Deliber Rodríguez

Personal information
- Nickname: Deli
- Born: Deliber Rodríguez Ramírez 25 July 1993 (age 32) Tamayo, Dominican Republic
- Height: 1.82 m (6 ft 0 in)

Sport
- Country: Spain
- Sport: Paralympic athletics
- Disability class: T20
- Event(s): 400 metres 800 metres
- Club: Club Deportivo a la Par
- Coached by: José Luis Calvo

Medal record
Paralympic athletics
Representing Spain
World Para Athletics Championships
| Silver medal – second place | 2015 Doha | Men's 400m T20 |
| Silver medal – second place | 2017 London | Men's 800m T20 |
| Bronze medal – third place | 2017 London | Men's 400m T20 |
INAS World Games
| Silver medal – second place | 2019 Brisbane | Men's 400m |
| Silver medal – second place | 2019 Brisbane | Men's 800m |
| Bronze medal – third place | 2015 Quito | Men's 400m |
INAS World Athletics Championships
| Gold medal – first place | 2016 Ancona | Men's 400m |
INAS European Athletics Championships
| Silver medal – second place | 2017 Praha | Men's 400m |
| Bronze medal – third place | 2017 Praha | Men's 200m |

= Deliber Rodríguez =

Spanish Paralympic athlete (born 1993)

Deliber Rodríguez Ramírez (born 25 July 1993 in Tamayo, Dominican Republic) is a Spanish Paralympic athlete who competes in short distance running in international elite events.
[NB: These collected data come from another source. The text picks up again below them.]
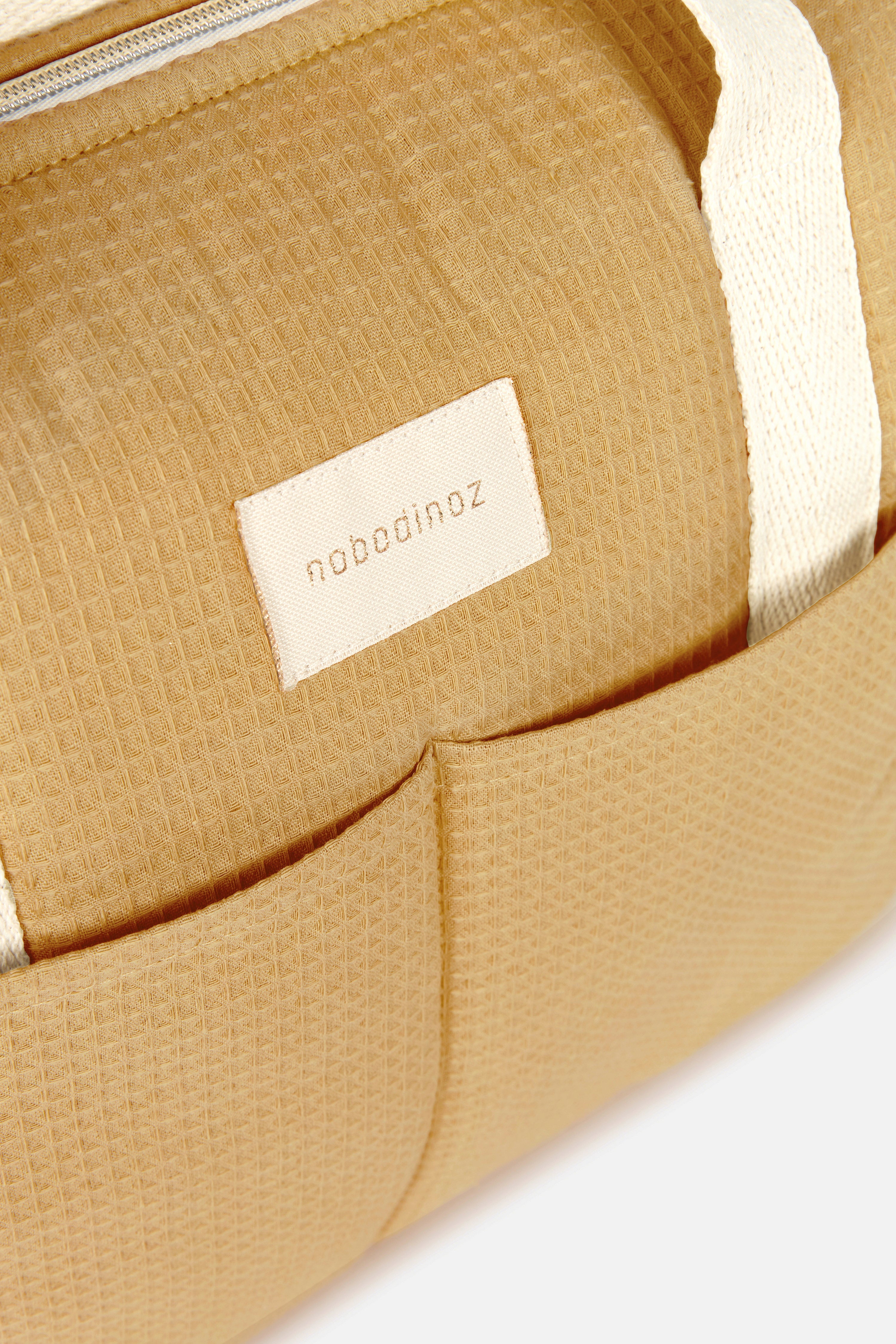 Grâce à son système de double anses en tresse de coton, vous pouvez le porter à la main, à l'épaule ou encore l'accrocher à la poussette pour plus de liberté.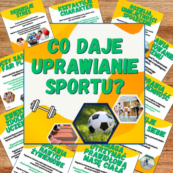 CO DAJE UPRAWIANIE SPORTU?  to zestaw 14 obrazków, które zawierają odpowiedzi na pytanie Co daje uprawianie sportu? oraz 1 obrazek tytułowy.  Obrazki będą wspaniała pomocą, którą można wykorzystać do powieszenia na tablicy, na drzwiach, a plik pdf może posłużyć jako prezentacja podczas zajęć z uczniami. Ta wersja przeznaczona jest dla starszych uczniów, gdyż odpowiedzi sformułowane są w sposób poważniejszy i dostosowany do uczniów starszych. Wersja pdf może również posłużyć jako prezentacja na zajęcia z uczniami czy spotkanie z rodzicami.
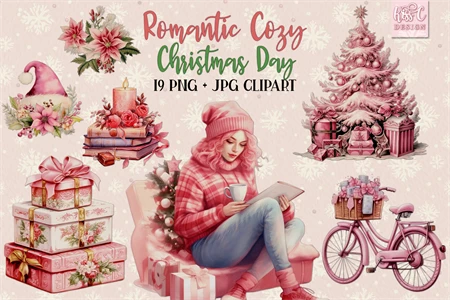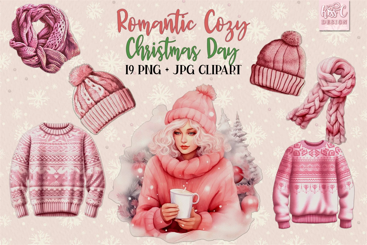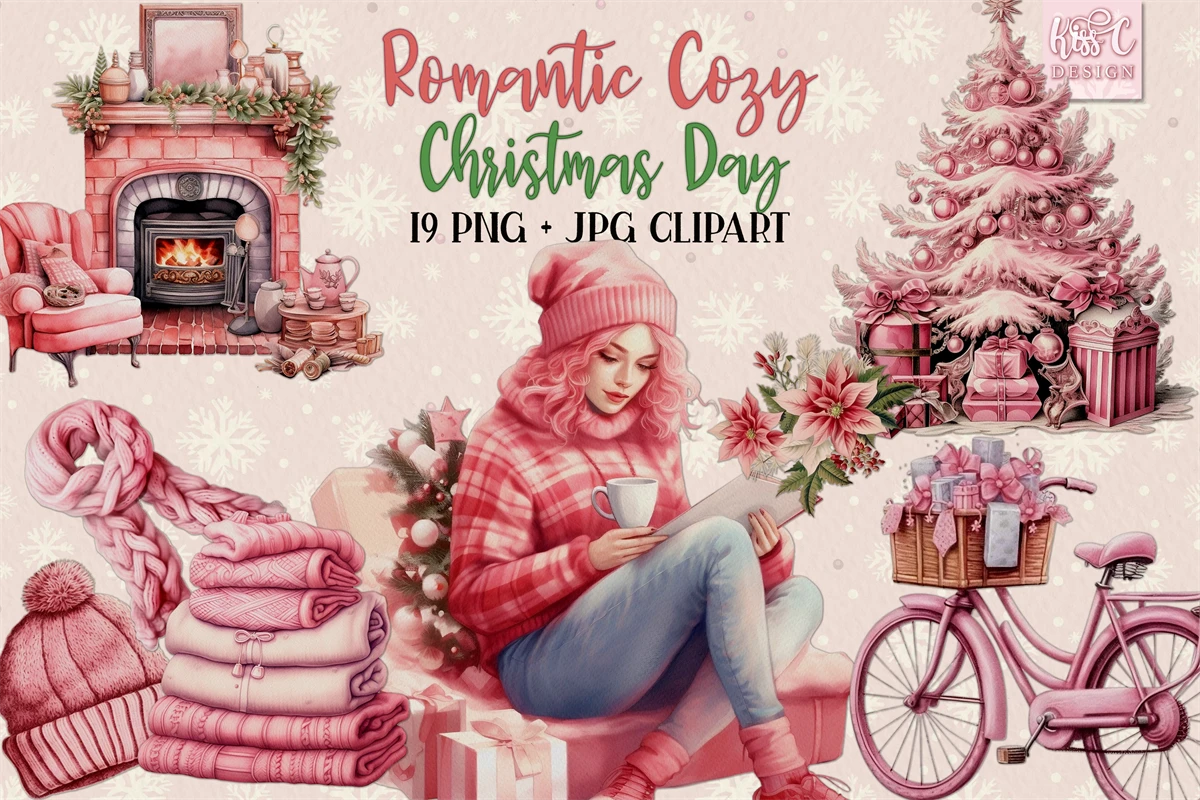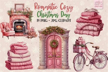 Watercolor Romantic Cozy Christmas Pink Illustration Clipart.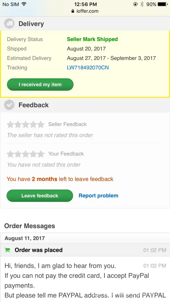 This year february I ordered three two bags and one wallet from your site ( they were all from different sellers however). It was my first time purchasing from your website and I was pleased with the products and prices so i decided to go ahead with trusting ioffer! Biggest regret of my life! It's been more than three months and I still haven't received neither of my items, I have contacted each seller for the past three months and haven't gottten and reply from either of the seller! They aren't doing anything, neither replying or giving me a refund! Seriously is that what you call customer service?!? I'm tired of this BS! I needed new bags to use for my holiday in June and well unfortunately thanks to this site I now have to go look for bags last minute! Seriously so much for trusting this site! Please do something to solve this disputes otherwise I will be forced to take further actions.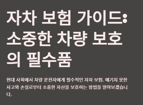 자차 보험은 현대 사회에서 차량 운전자가 반드시 고려해야 할 중요한 보험 상품입니다. 예기치 못한 사고와 손실로부터 소중한 자산을 보호하기 위해서는 적절한 보험 가입이 필수적입니다. 이 가이드에서는 자차 보험이 꼭 필요한 상황과 최적의 보험 상품을 선택하는 방법에 대해 상세히 알아보겠습니다.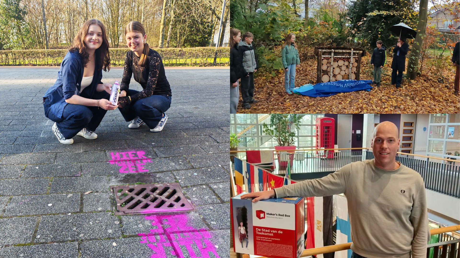 Een schoolplein vol vragen Een van de meest opvallende projecten ontstond uit een profielwerkstuk over plasticvervuiling. Twee leerlingen maakten een wereldbol van afval en bedachten een krachtige campagne: ’s Nachts markeerden ze alle putten op school (met toestemming van de gemeente) met biologisch afbreekbare verf en de tekst: Hier begint de zee! De volgende dag zorgde dat voor verwarring, gesprekken en nieuwsgierigheid door de hele school. Online gingen we viral met meer dan 27.000 weergaven. Dan zie je dat impact verder gaat dan een les. Het gaat leven.

He is a triple World medalist and has competed in the 2016 Summer Paralympics.

Rodríguez competes alongside his older brother Dionibel Rodríguez Rodríguez who is also a T20 sprinter, they moved to Madrid when they were both young children. They both competed in the men's 400m T20 at the 2016 Paralympic Games, Deliber finished fifth while Dionibel finished fourth.